A crueza deste título é sentida. Não é uma criança que reprova, é um sistema que a chumba e, ao fazê-lo, mostra a sua ineficiência. Nenhuma criança com esta idade pode ser avaliada dessa maneira. Quem tem legitimidade para, no início de um período de 12 anos de escolaridade dizer “ por ora vais ser deixada para trás” ?

Só no ano de 2015 - dados da DGEEC - foram deixadas para trás 10.025 crianças para repetir o 2º ano. Como se sentiram ? O que ficarão a pensar de si próprias? Como se mobilizam para continuar?
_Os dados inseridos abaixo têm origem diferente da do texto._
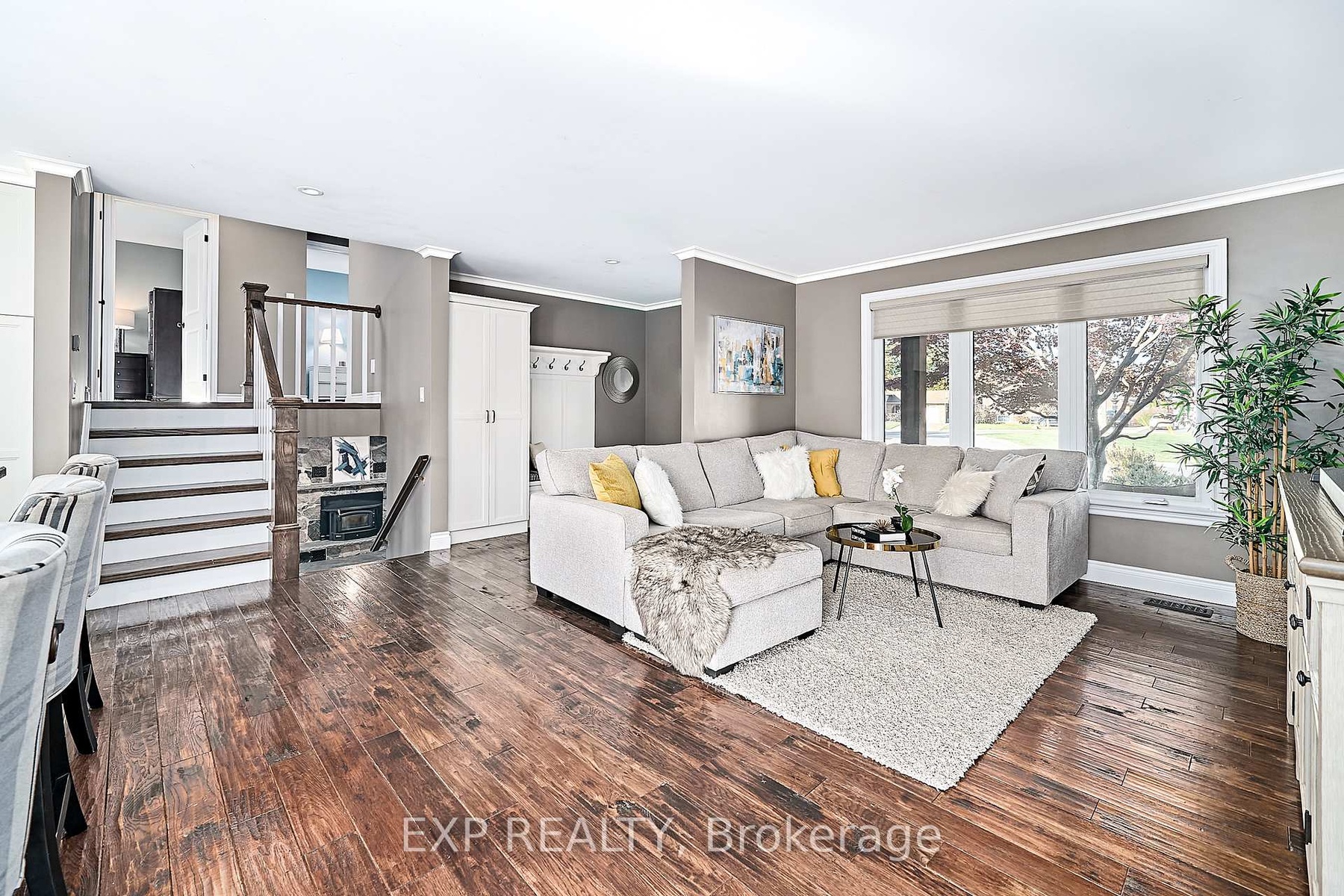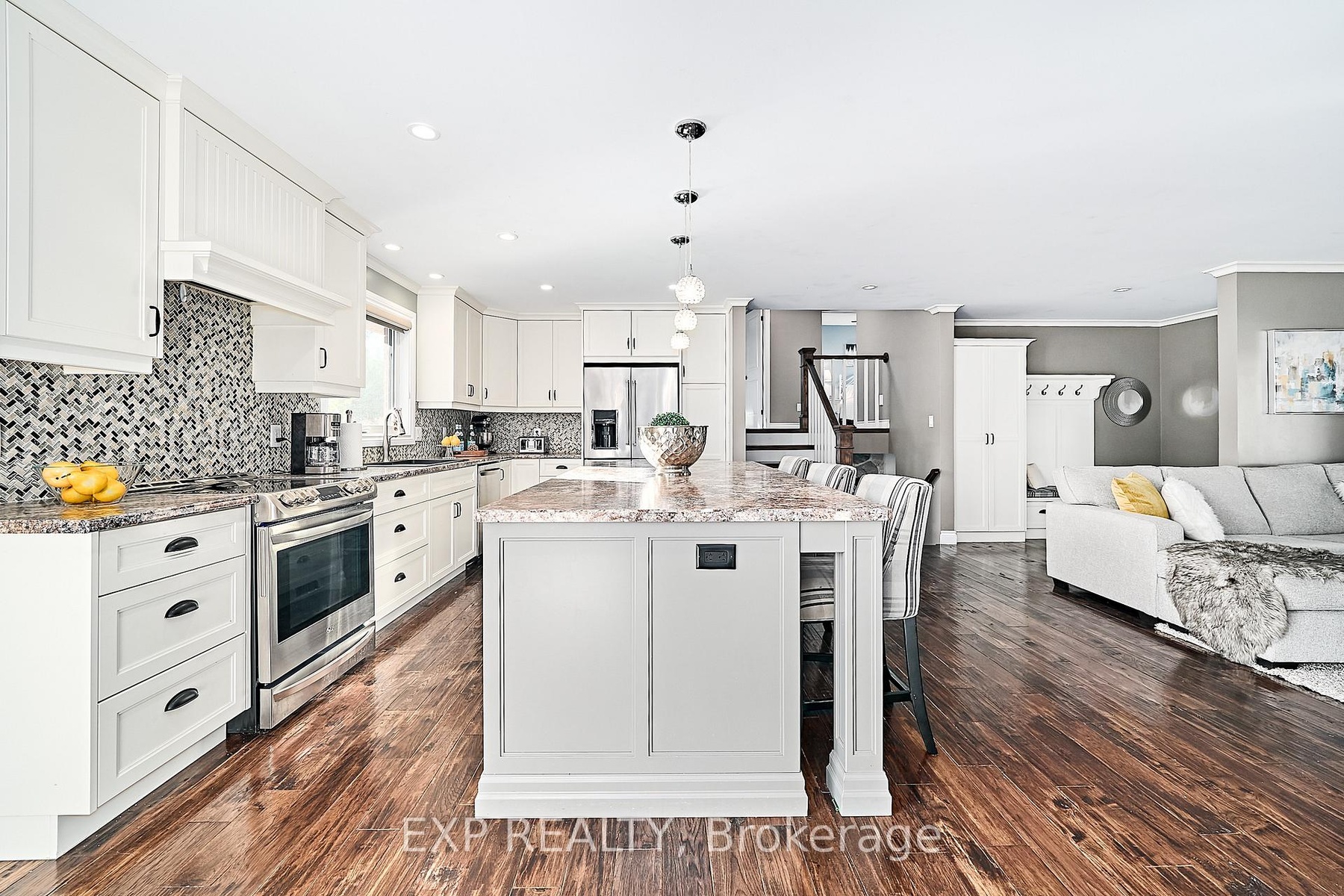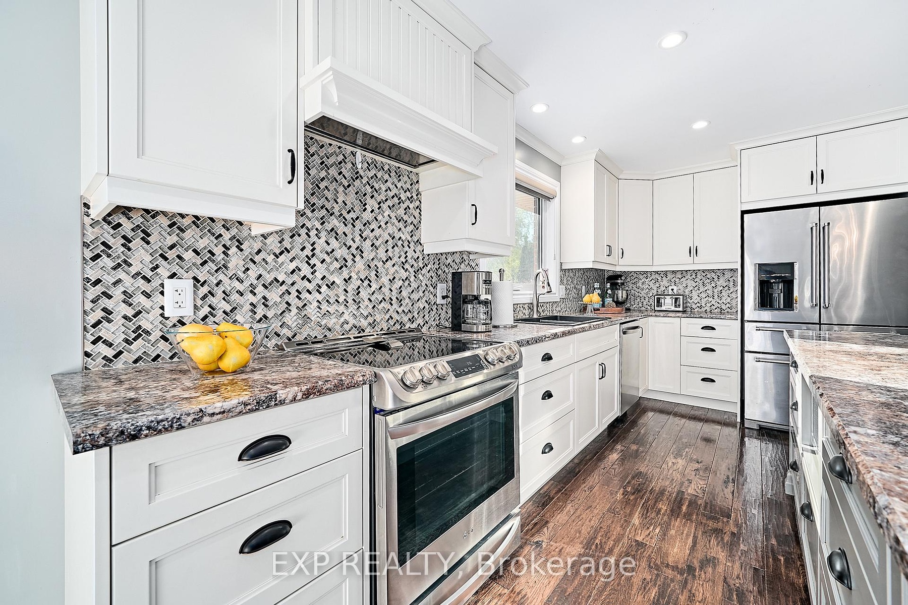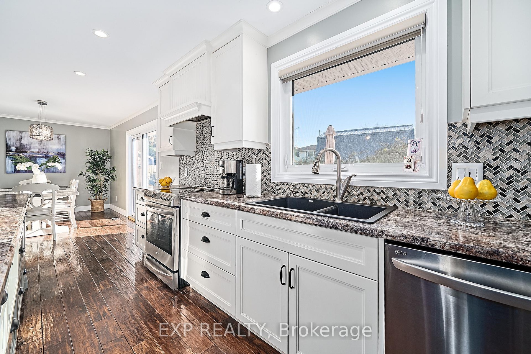 Updated & Upgraded this beautifull renovated, fully finished 4-level side split is nestled away on a cul-de-sac featuring a spectacular pie-shaped lot. The fully fenced backyard gives you the perfect entertaining spot, with an inviting in-ground pool, a stamped concrete patio, + small stocked pond & a covered porch. Inside discover an open concept main floor that boasts hardwood flooring & a custom kitchen. The lower levels have a Private & Separate Entrance with Bedroom & Bath large windows & a wood-burning fireplace. The basement includes an additional games room, providing ample space for guests or family activities. The home has excellent curb appeal with a double-wide asphalt driveway & a stamped concrete walkway leading to a covered front porch. Updates: 24 - soffits/fascia/eavestroughs/ siding, pool pump, front door/garage window; 23 - garage door; 22 - pool heater; 19 - baseboard & interior doors; 16 - kitchen; 15 - topped up attic insulation; 13- 16 - windows/exterior doors; 08 - shingles.

Um sistema escolar que coloca o ónus da reprovação na figura de uma criança tão pequena não é um sistema honesto. Não é honesto porque se trata de crianças com capacidades dentro do que é considerado normal , mas cujas famílias têm condições objetivas reduzidas para as ajudar a desenvolver ao nível do que é esperado pela escola. A desigualdade socioeconómica alia-se quase sempre a antecedentes de reprovações, abandono escolar, baixos resultados, com marcas profundas de insucesso escolar. Estes pais que certamente não se sentiram bem enquanto alunos, não estão por dentro da lógica escolar, não se entendem com a falta de clareza da linguagem recheada de conceitos e palavreado para si desconhecidos.

Não é honesto que sejam estas crianças de sete anos as primeiras a pagar custos tão altos de um currículo inadequado, assente na quantidade e na exigência de um ritmo e velocidade de aprendizagem de “atletas” de alta competição, excluindo pelo chumbo os que caminham mais devagar. Não é honesto porque mina irremediavelmente a confiança de um ser humano que está a crescer, que está a estender asas fora do ambiente familiar, que espera segurança nessa descoberta protegida em meio escolar. Não é honesto porque mina o processo de socialização das crianças, mostrando-lhes que não importa deixar colegas para trás.

Ir para a escola para aprender, numa sociedade democrática, não pode ter esse significado, porque não se pode esperar que todos, embora com capacidades, aprendam do mesmo modo e à mesma velocidade.

É urgente largar a visão de que “já os pais tinham dificuldades na escola, fizeram pouco, os filhos também seguem o mesmo caminho.” A escola tem de cumprir a sua parte para que estas famílias criem gerações melhor escolarizadas. E está provado que o chumbo só atrapalha, não favorece.

É preciso que pais, professores e decisores tomem consciência da perversidade desta decisão, seja qual for a situação familiar da criança. Os professores e os pais sabem que acompanhar uma criança no 1º ciclo, conhecê-la e criar condições para o seu desenvolvimento está muito para além do que se mede através de uma nota.

É preciso que os decisores e a comunidade escolar queiram enfrentar o desafio de construir lideranças capazes de encontrar soluções que passem por mudanças no interior da sala de aula . Já se viu que não se vai lá com acrescentos nem modas de momento.

Criar um ambiente de confiança, acreditar no valor e potencial de cada criança,

diferenciar o necessário para que todos atinjam o seu máximo, utilizar tecnologias, romper com práticas monolíticas e inexpressivas de ensinar a ler e a escrever, criar condições favoráveis que facilitem a expressão e o desenvolvimento da linguagem como alicerce das restantes aprendizagens. Nada disto é novo. Temos professores com conhecimento adquirido e competência sobre o assunto, temos investigação sustentada e acessível, temos publicações feitas pelo próprio ministério, temos professores a querer fazer diferente. O que nos falta para saltar esta etapa?

Talvez romper com uma certa cultura de mentira de que “ chumbar até faz bem “ e melhora os resultados futuros. São 10.025 vidas, não apenas um número.